Henry Cobb's "Hypostyle" installation at the SCI-Arc gallery during the summer of 2015 proposed a fairly straightforward organization of space: a repeated field of ostensibly similar modules. Each piece was comprised of a construction of four standard doorway panels, arranged in a T-shaped logic. By rotating each module adjacent to the next, a fairly complex, yet poignantly monotonous, three dimensional experience gradually comes forth.
The field itself is highly contingent on the individual spectator's experience within it. At certain times utterly porous and at others brazenly opaque, the organization entices a kind of impetus for movement throughout its space on the part of the onlooker.

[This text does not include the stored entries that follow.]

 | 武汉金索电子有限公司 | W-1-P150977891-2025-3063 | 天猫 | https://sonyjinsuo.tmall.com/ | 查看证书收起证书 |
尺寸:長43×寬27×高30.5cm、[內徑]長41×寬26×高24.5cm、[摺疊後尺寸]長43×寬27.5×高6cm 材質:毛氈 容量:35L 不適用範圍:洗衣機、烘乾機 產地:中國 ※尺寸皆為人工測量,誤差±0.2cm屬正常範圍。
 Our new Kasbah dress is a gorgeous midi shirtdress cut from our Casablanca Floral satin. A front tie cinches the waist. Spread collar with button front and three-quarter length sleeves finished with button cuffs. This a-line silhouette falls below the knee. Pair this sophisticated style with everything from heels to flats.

This naturally raises questions about the capacity of this organization to speak to a range of spatial experiences beyond the merely binary: open and closed. Can a hypostyle produce an endless array of spatial conditions? Can a physical object once pronouncedly solid speak to a deep transparency through space?
By studying the characteristics which tightly organize the hypostyle, our team began to interrogate the spatial qualities at play. This series of studies began to highlight the various compositions of space which speak both to tightness and relaxation, solidity and complete translucency.

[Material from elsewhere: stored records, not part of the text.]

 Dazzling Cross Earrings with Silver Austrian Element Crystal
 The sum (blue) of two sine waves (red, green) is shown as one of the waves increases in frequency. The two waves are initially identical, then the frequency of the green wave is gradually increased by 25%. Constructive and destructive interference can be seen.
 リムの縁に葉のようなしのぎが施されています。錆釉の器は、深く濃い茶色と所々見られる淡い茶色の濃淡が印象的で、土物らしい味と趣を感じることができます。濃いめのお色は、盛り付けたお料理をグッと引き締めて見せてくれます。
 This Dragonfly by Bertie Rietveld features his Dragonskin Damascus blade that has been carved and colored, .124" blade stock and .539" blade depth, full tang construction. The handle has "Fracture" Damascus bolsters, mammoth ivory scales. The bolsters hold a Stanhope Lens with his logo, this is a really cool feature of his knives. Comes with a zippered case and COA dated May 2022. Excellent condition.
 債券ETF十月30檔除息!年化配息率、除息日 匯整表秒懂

An interesting dichotomy emerges between the organizational methods of the field (the planometric constructs which regulate it) and the experiential ends to which the inhabitant is subjected when within the installation.
Due to the level of reduction on the part of the modules’ geometry, the actual form of the “columns” is experienced literally as such. One encounters what one perceives to be planes, edges, lines and the like, rather than another more ambiguous type of form.

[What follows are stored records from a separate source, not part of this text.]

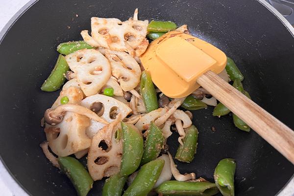 3 レンコン、しめじを炒め、ゆでたスナップエンドウを加え、梅味噌を合える。
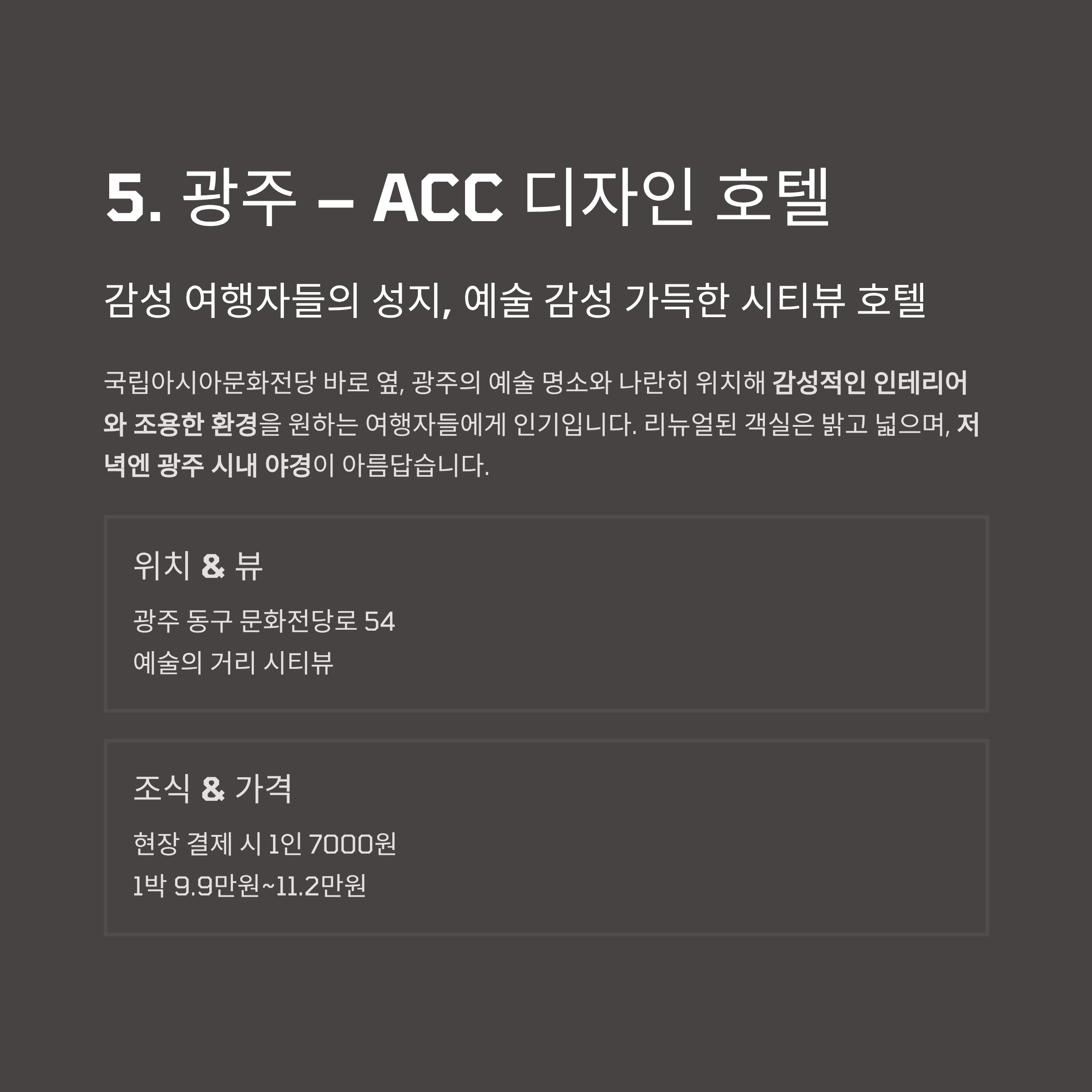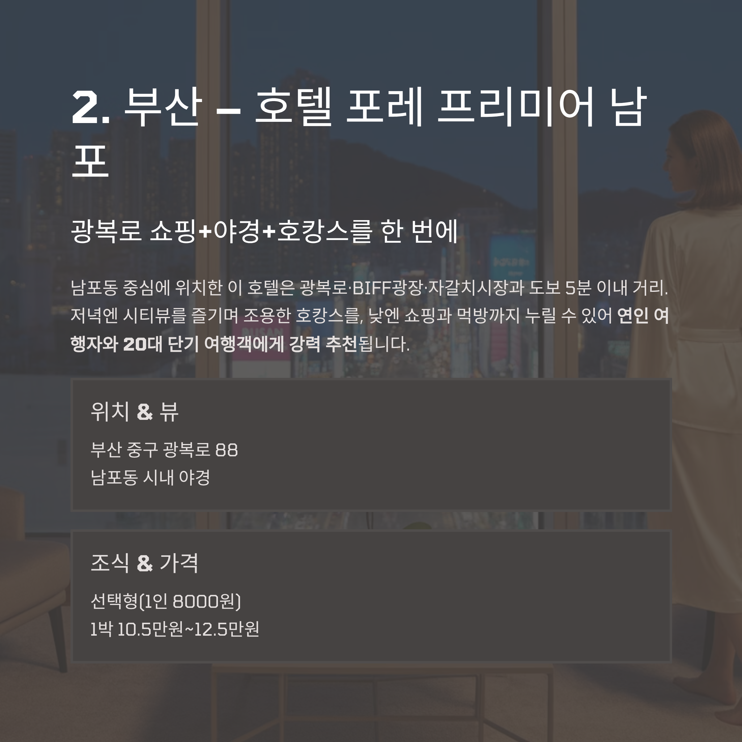 | 커플 감성 여행 | 호텔 포레 부산 / ACC 광주 | 야경·감성 인테리어·도보 여행 최적화 |
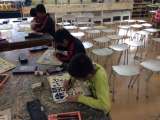 図工の時間です。彫刻刀を使って、版画を作っています。
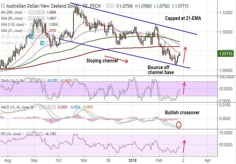 - AUD/NZD is trading in a slopping channel pattern and price action has bounced off channel base support in last week's trade.
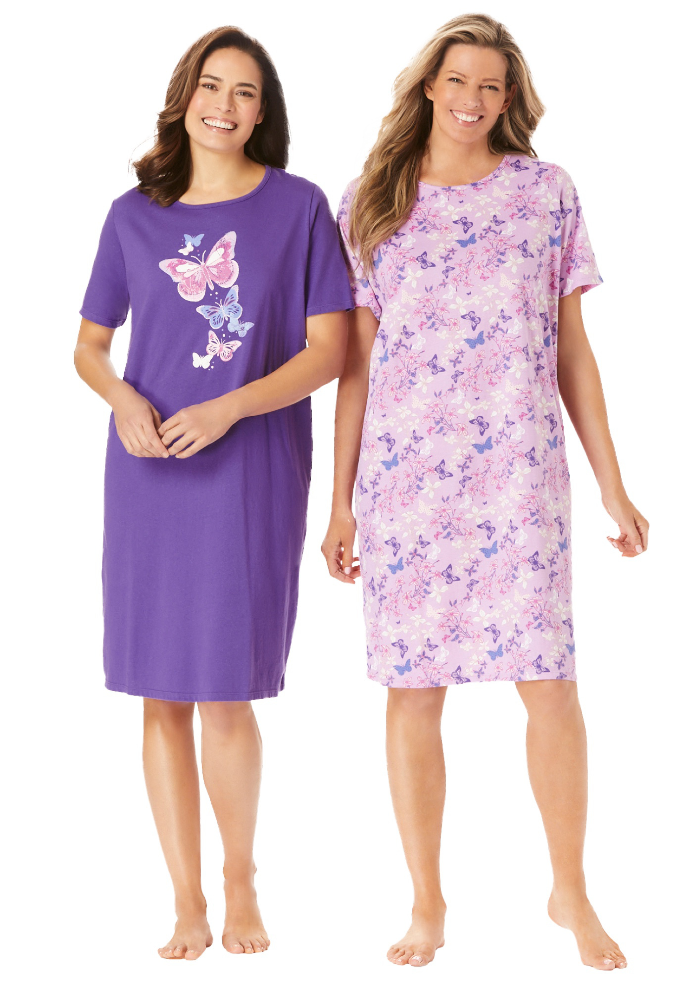 Plus Size Women's 2-Pack Short-Sleeve Sleepshirt by Dreams & Co. in Plum Burst Floral Butterfly (Size 1X/2X) Nightgown

The viewer directly engages the geometry of the thing, rendered in its minimal aesthetic with a twofold quality that both intensifies (and somewhat paradoxically plays with) the reading of the geometry as pure form and rich materiality which is lathered over it.
Thus, it is with an unexpectedly small degree of difference that the planometric organization of the field and the perspectival engagement of the modules in space come together to entice an understanding of the thing as both human in its perception and abstract in its parameters of arrangement.
This further deepens when one considers the duplicity of the doors’ dimensions, as mentioned during the dialogue between Cobb and Moss during the gallery discussion. Although the doors are at their purest mere bars, their dimensions tie them intrinsically to the proportion and orientation of the human body.
Could the projective methods of the perspective and the regulating geometry innate within the field be leveraged to mitigate the differences between these two prerogatives (the constructive and the experiential)?